ポータブル電源をガレージから出して充電開始

ここで充電中の電源にコンロをつなげ乳を加熱殺菌

そしてフィルターで ろ過させピッチャーを満たす

ミルクを半分近く使ったコーヒーをガレージで飲む

風呂場に行く

生暖かいシャワーを浴び 眠気をなんとか取り払う

シロ蛇に餌

馬とヤギを野原に放牧


男   :「Yo snake, that is the blueberry bush(蛇よ アレがブルーベリーの木だ)

      I know you cannot understand me (言葉は分からないだろうが)

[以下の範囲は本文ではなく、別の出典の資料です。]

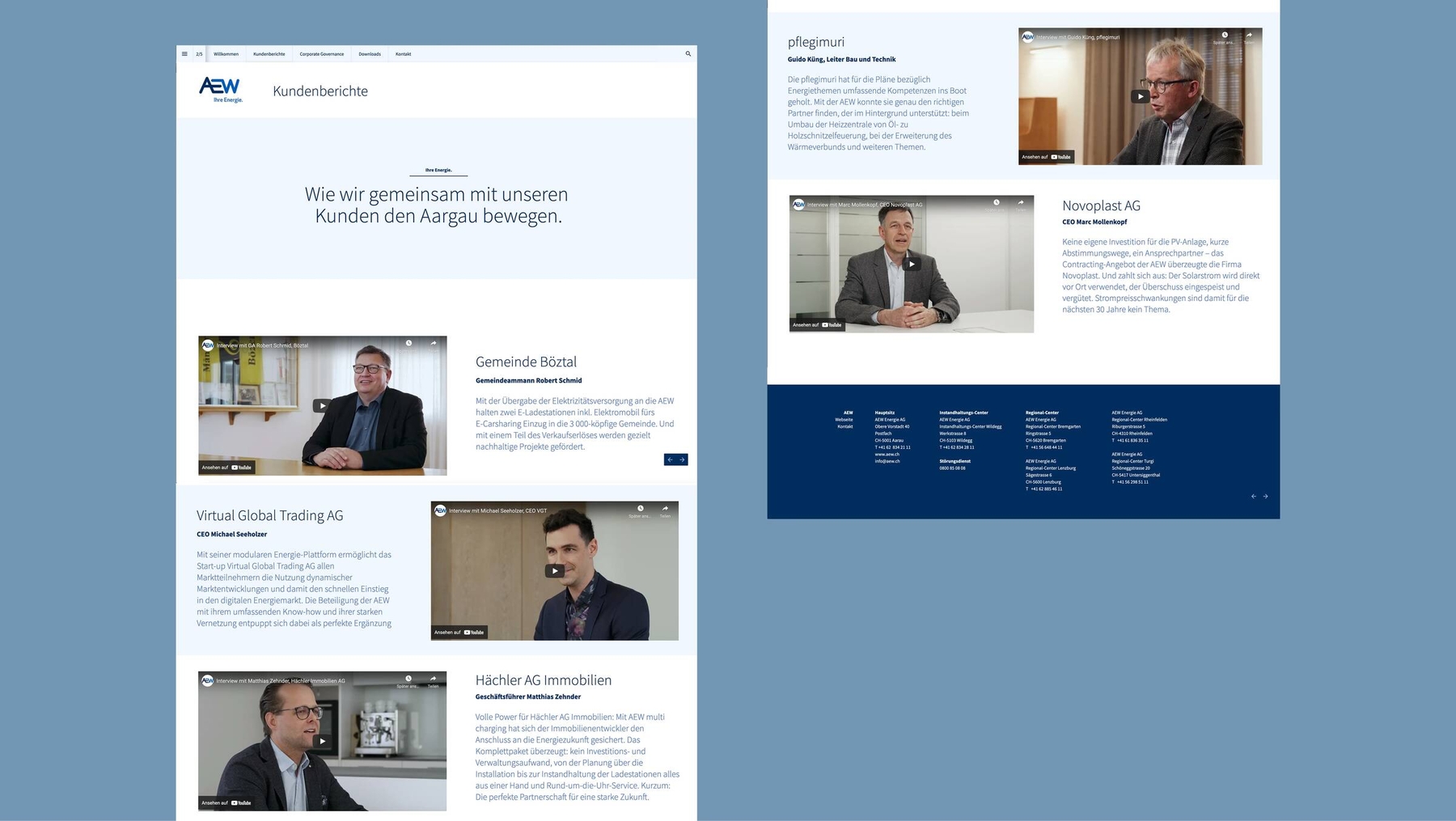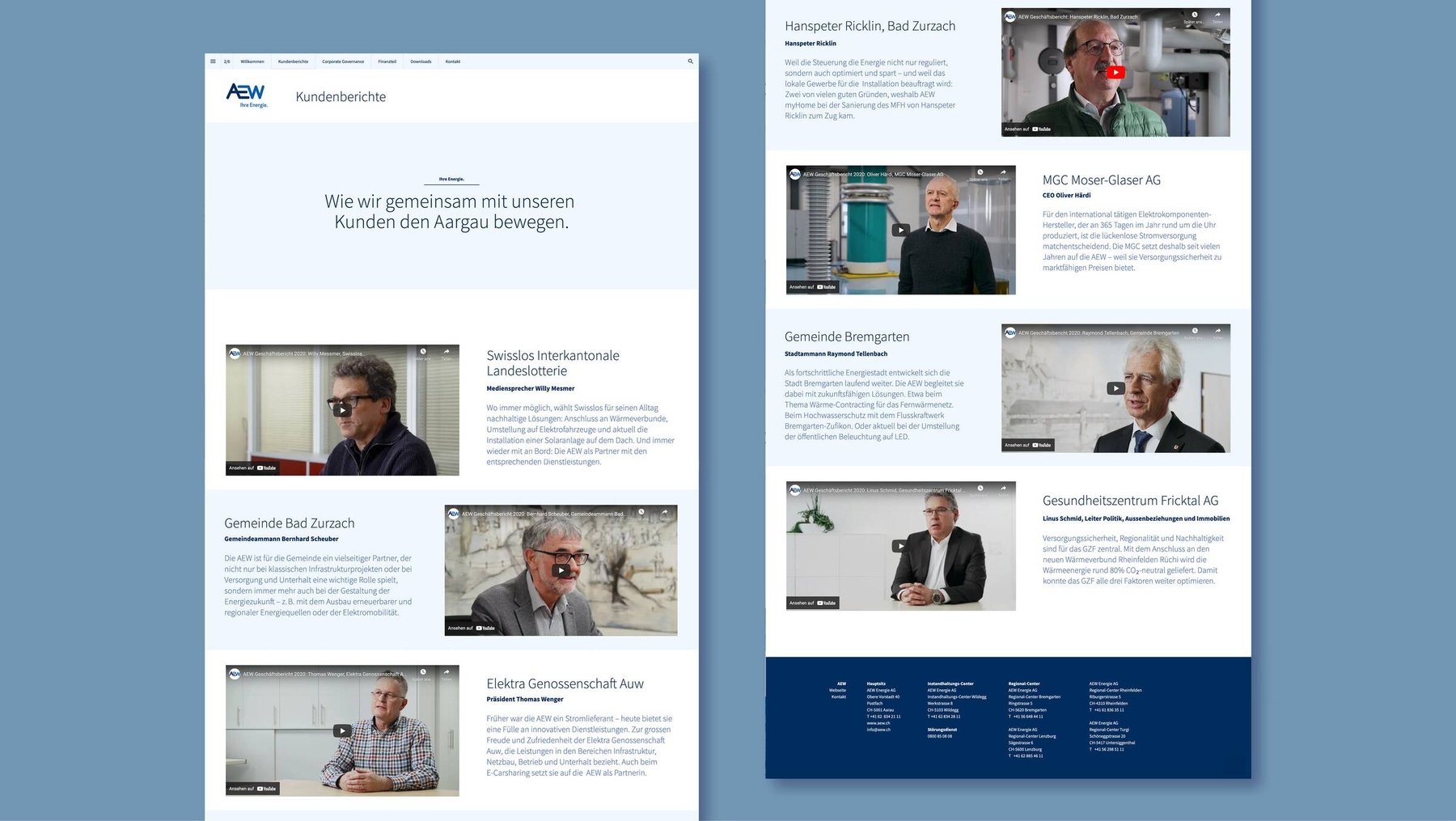 Basierend auf dem bestehenden Claim «Ihre Energie» erarbeiten wir einen Storytelling-Ansatz, der die Kunden ins Zentrum rückt – und zwar medienübergreifend. Online werden Zahlen und Fakten präsentiert, filmisch untermalt mit Interviews von Kunden und Führungspersonen der AEW. In der gedruckten Ausgabe finden sich weitere Kunden-Stories sowie die wichtigsten Informationen zur AEW, sodass diese auch als Image-Broschüre eingesetzt werden kann.
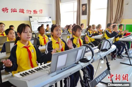 日前,記者走進青海省海東市化隆縣第一小學的音樂課堂時,四年級(4)班的撒拉族學生韓欣瑜正和同班同學們一起演唱《中華是一家》。

       but if possible, please protect those also(出来るなら守ってくれ)」


ニョロっと顔をブルーベリーの木を見た後 チロッと舌を出す

馬とヤギを野原に放牧


昨日 死にそうになった

それを生き残った自分にご褒美ほうび

今日は酒と 冷凍してある山猫の美味しい部分を食べる予定だ

自然解凍をさせる為 冷凍庫から山猫の肉を取り出し

キッチンの流しを水で満たし

ジップロックに入れた冷凍肉を水に沈める

流水解凍の方がいいんだろうが そこは我慢する


***1時間後***

ブルーベリーや果物などはネットで囲えば食べられずに済む

だけど ネットなんて便利な物はない

なんで多少 目の粗い網を竹の皮で作っている


まー 無いより良いかなー


そしてブルーベリーの周りに割った竹を刺し 目の粗い網で囲んでいく

何だかんだで午前中は それで終わってしまう


***昼***

納屋の馬のフン等をシャベルですくいだし外へ

また 糞尿などが染み込んでいる おがくずも外へ

小屋づくりで使った丸太

そこからノコギリや斧で取った枝 

その枝をWoodchipperに入れおがくずを作り

それを馬小屋に敷いてやる

また 馬の水を入れている桶代わりの衣料品の箱も綺麗に洗おうとするが

カビやらコケやらよく分からない物がついていたりしたので

本格的に洗う


ガレージにあった電動ドリルの先をブラシに交換 

これは風呂掃除の時によく使っていたセールの時にかったアタッチメント

ドリルの回転でブラシが回転する

手で100回こする作業を数秒で終わらせられるものだ


”じゅぃーん ぐぃーーん” 汚れがみるみる取れていく


さらに竹を割って作った水道もこの際 洗う

そして座りながら こびりついてしつこい汚れを洗っていたら

男の背中をこつんと

子ヤギが頭で男の背中を すりすり してくる

洗い物をしている最中に邪魔をしてくるのだが


男   :「Hey Kiddo(よー 子ヤギ)」


男はそれを無下むげにはしない

これでもか というぐらい撫でまわしてから


男   :「Do you want some blueberries?(ブルーベリー食べたいか?)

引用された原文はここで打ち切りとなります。